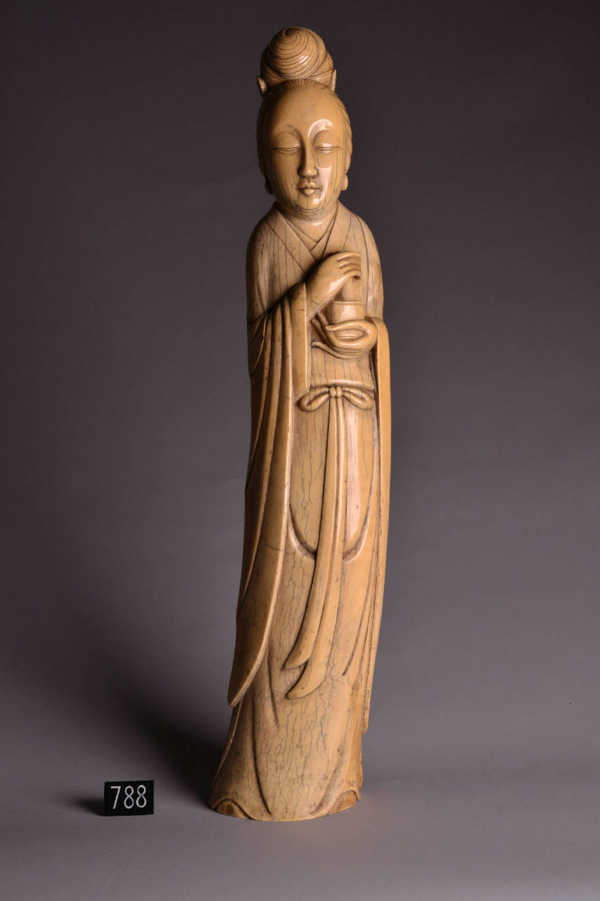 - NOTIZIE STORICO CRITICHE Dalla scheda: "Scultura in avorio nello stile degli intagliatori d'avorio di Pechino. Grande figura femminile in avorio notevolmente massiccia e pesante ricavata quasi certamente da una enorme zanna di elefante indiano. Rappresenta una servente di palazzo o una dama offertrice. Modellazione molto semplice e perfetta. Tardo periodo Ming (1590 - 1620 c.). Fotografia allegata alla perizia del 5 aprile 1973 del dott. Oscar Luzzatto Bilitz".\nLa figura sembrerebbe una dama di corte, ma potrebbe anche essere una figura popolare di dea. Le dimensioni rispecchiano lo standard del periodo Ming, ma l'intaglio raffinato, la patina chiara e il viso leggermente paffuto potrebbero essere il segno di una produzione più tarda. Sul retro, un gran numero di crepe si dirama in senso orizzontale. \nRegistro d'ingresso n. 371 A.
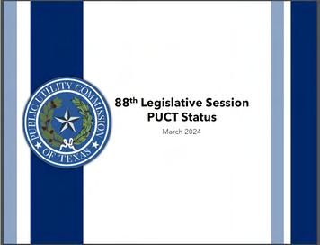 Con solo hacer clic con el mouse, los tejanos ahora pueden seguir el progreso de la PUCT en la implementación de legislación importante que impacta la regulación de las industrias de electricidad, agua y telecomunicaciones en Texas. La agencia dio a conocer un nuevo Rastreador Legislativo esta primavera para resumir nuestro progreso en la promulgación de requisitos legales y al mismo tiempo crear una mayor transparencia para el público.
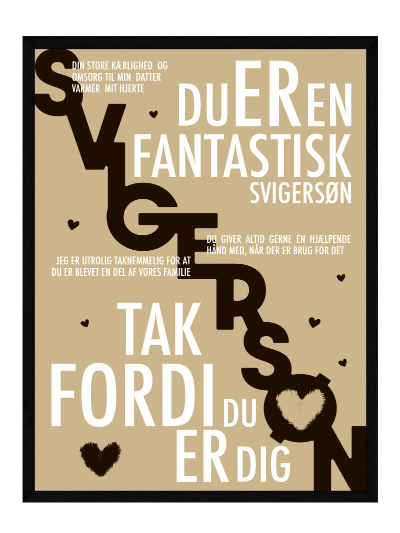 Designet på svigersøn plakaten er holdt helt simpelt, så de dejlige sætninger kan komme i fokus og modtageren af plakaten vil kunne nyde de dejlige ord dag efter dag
---
## [Exercise requirements]
Print the full listing above exactly. Pictures stay out of the copy.

## [Expected output]
 - NOTIZIE STORICO CRITICHE Dalla scheda: "Scultura in avorio nello stile degli intagliatori d'avorio di Pechino. Grande figura femminile in avorio notevolmente massiccia e pesante ricavata quasi certamente da una enorme zanna di elefante indiano. Rappresenta una servente di palazzo o una dama offertrice. Modellazione molto semplice e perfetta. Tardo periodo Ming (1590 - 1620 c.). Fotografia allegata alla perizia del 5 aprile 1973 del dott. Oscar Luzzatto Bilitz".\nLa figura sembrerebbe una dama di corte, ma potrebbe anche essere una figura popolare di dea. Le dimensioni rispecchiano lo standard del periodo Ming, ma l'intaglio raffinato, la patina chiara e il viso leggermente paffuto potrebbero essere il segno di una produzione più tarda. Sul retro, un gran numero di crepe si dirama in senso orizzontale. \nRegistro d'ingresso n. 371 A.
 Con solo hacer clic con el mouse, los tejanos ahora pueden seguir el progreso de la PUCT en la implementación de legislación importante que impacta la regulación de las industrias de electricidad, agua y telecomunicaciones en Texas. La agencia dio a conocer un nuevo Rastreador Legislativo esta primavera para resumir nuestro progreso en la promulgación de requisitos legales y al mismo tiempo crear una mayor transparencia para el público.
 Designet på svigersøn plakaten er holdt helt simpelt, så de dejlige sætninger kan komme i fokus og modtageren af plakaten vil kunne nyde de dejlige ord dag efter dag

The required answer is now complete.